▶ **Work item**
In the output, include exactly the lines from the beginning of the records up to and including the one that contains "FOTO: Un grupo", and leave out the pictures.

::: Records to process

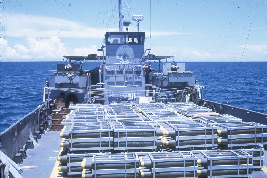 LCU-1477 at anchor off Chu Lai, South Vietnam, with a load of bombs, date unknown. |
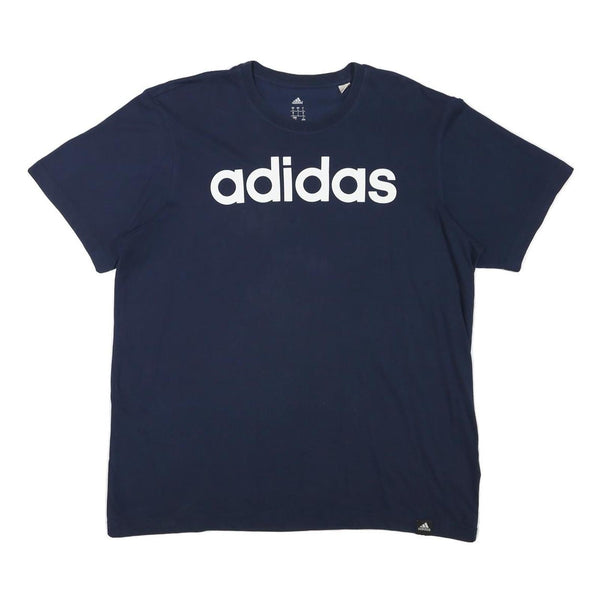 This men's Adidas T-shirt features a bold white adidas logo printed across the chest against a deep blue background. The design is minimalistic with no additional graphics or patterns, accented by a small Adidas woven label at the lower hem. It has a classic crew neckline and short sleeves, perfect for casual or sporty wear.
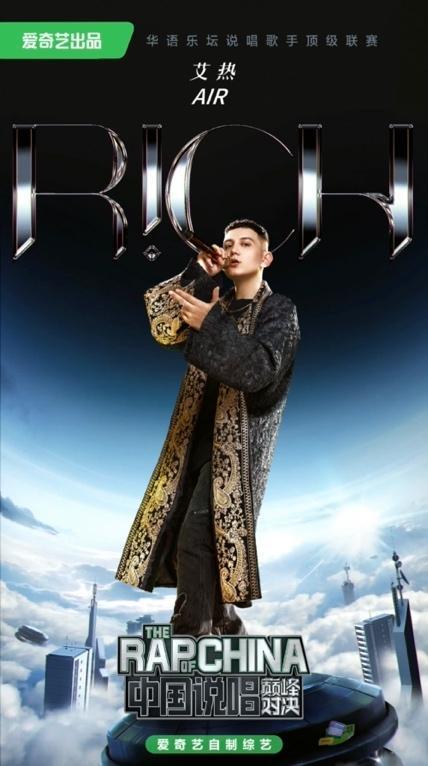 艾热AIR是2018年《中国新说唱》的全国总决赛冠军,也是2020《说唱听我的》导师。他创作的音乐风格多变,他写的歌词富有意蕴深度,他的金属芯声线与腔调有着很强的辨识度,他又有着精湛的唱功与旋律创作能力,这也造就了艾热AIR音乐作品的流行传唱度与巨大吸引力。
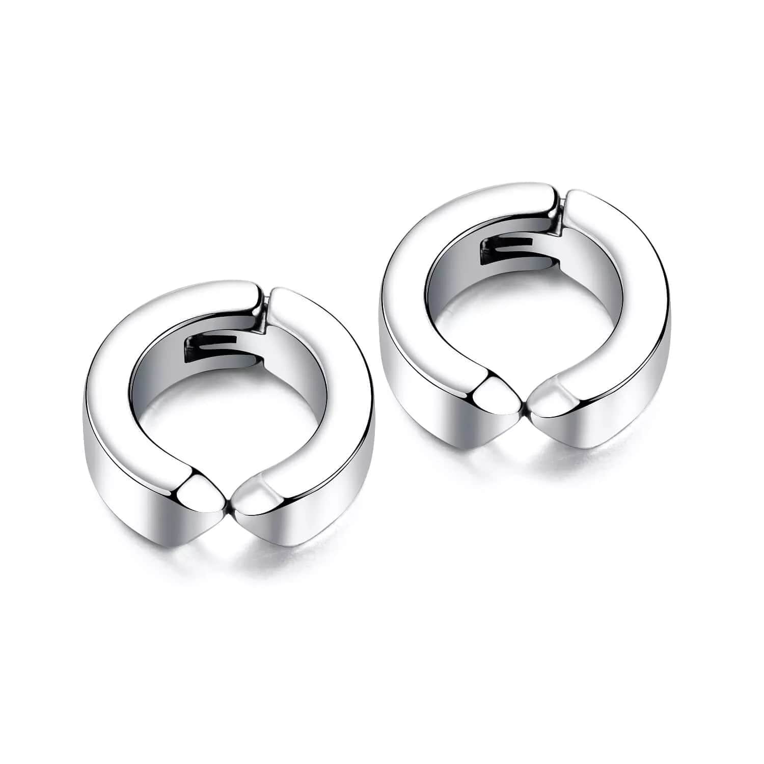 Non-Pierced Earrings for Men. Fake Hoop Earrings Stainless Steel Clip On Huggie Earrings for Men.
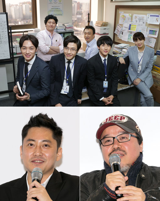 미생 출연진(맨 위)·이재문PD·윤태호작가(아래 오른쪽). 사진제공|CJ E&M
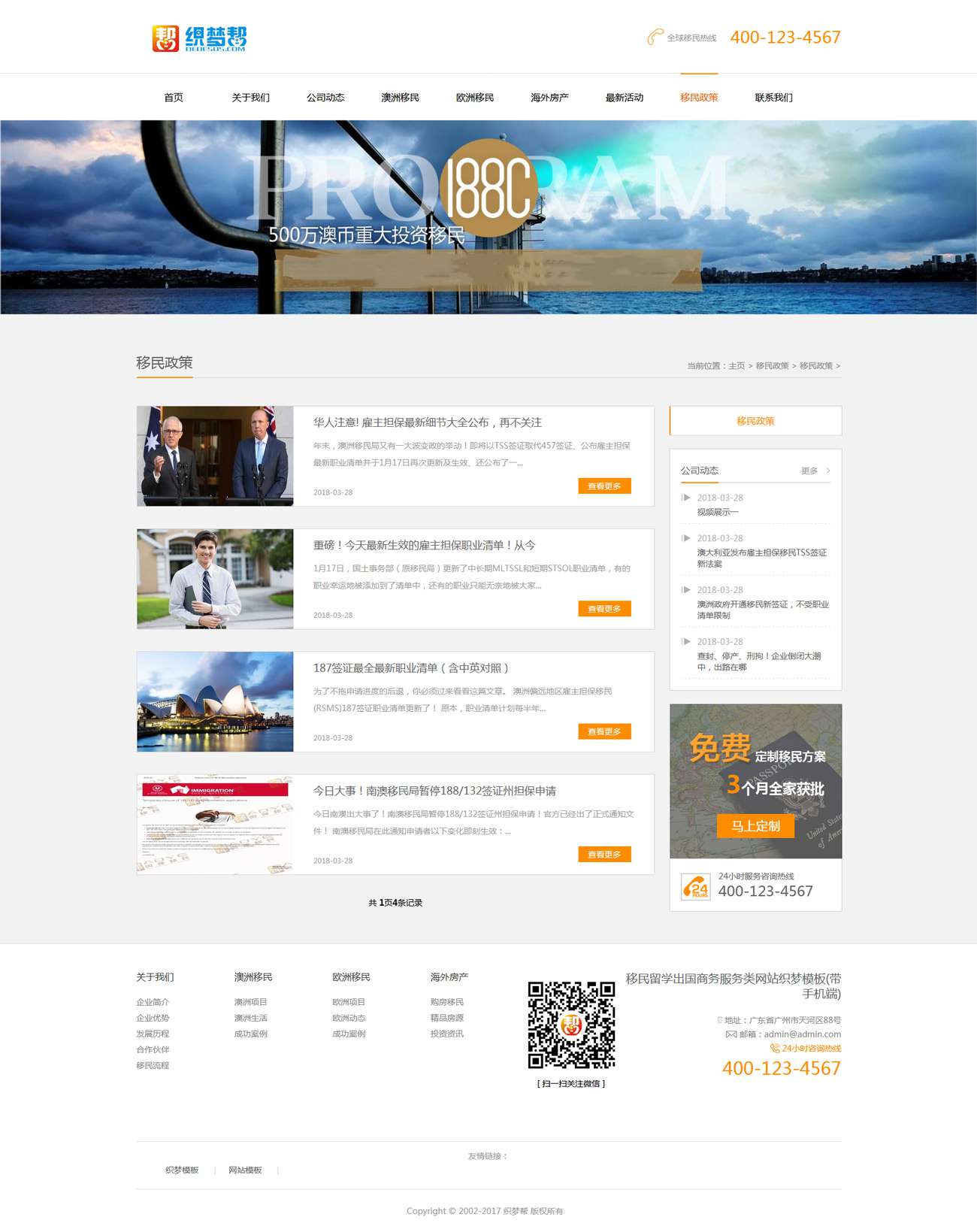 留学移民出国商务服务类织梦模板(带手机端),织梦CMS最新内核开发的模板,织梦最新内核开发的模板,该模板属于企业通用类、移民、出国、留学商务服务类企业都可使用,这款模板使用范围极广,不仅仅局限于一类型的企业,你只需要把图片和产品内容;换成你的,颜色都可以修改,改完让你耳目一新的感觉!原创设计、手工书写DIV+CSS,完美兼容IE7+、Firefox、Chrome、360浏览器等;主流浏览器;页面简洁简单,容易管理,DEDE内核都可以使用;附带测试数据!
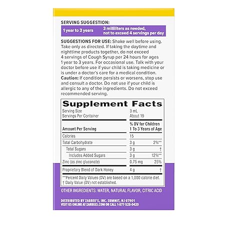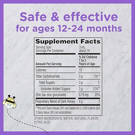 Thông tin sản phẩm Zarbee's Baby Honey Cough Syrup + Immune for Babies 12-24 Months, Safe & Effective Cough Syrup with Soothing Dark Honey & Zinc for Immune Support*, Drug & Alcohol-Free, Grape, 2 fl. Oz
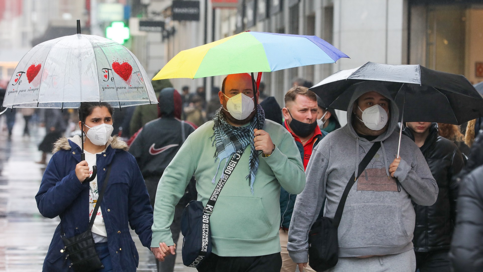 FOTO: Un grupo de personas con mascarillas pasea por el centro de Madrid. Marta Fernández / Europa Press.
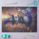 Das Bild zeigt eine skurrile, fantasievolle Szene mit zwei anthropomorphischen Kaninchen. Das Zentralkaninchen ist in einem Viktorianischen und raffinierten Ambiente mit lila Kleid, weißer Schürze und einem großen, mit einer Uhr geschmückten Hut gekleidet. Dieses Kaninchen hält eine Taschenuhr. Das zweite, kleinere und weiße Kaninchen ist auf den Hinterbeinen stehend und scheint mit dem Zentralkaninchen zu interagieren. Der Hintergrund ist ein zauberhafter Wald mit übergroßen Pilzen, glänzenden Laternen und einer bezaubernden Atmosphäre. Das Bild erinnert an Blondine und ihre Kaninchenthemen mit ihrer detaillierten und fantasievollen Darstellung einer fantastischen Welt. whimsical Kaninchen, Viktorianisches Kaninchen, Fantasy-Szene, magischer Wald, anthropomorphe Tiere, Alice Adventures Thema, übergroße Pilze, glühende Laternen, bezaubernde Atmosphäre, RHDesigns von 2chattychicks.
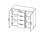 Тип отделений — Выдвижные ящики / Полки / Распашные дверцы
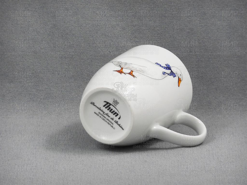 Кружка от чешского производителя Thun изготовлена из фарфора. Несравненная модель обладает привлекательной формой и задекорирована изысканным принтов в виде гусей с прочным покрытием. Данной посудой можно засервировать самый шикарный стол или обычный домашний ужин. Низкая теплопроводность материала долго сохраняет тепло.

::::::

▶ **Solution**
 LCU-1477 at anchor off Chu Lai, South Vietnam, with a load of bombs, date unknown. |
 This men's Adidas T-shirt features a bold white adidas logo printed across the chest against a deep blue background. The design is minimalistic with no additional graphics or patterns, accented by a small Adidas woven label at the lower hem. It has a classic crew neckline and short sleeves, perfect for casual or sporty wear.
 艾热AIR是2018年《中国新说唱》的全国总决赛冠军,也是2020《说唱听我的》导师。他创作的音乐风格多变,他写的歌词富有意蕴深度,他的金属芯声线与腔调有着很强的辨识度,他又有着精湛的唱功与旋律创作能力,这也造就了艾热AIR音乐作品的流行传唱度与巨大吸引力。
 Non-Pierced Earrings for Men. Fake Hoop Earrings Stainless Steel Clip On Huggie Earrings for Men.
 미생 출연진(맨 위)·이재문PD·윤태호작가(아래 오른쪽). 사진제공|CJ E&M
 留学移民出国商务服务类织梦模板(带手机端),织梦CMS最新内核开发的模板,织梦最新内核开发的模板,该模板属于企业通用类、移民、出国、留学商务服务类企业都可使用,这款模板使用范围极广,不仅仅局限于一类型的企业,你只需要把图片和产品内容;换成你的,颜色都可以修改,改完让你耳目一新的感觉!原创设计、手工书写DIV+CSS,完美兼容IE7+、Firefox、Chrome、360浏览器等;主流浏览器;页面简洁简单,容易管理,DEDE内核都可以使用;附带测试数据!
 Thông tin sản phẩm Zarbee's Baby Honey Cough Syrup + Immune for Babies 12-24 Months, Safe & Effective Cough Syrup with Soothing Dark Honey & Zinc for Immune Support*, Drug & Alcohol-Free, Grape, 2 fl. Oz
 FOTO: Un grupo de personas con mascarillas pasea por el centro de Madrid. Marta Fernández / Europa Press.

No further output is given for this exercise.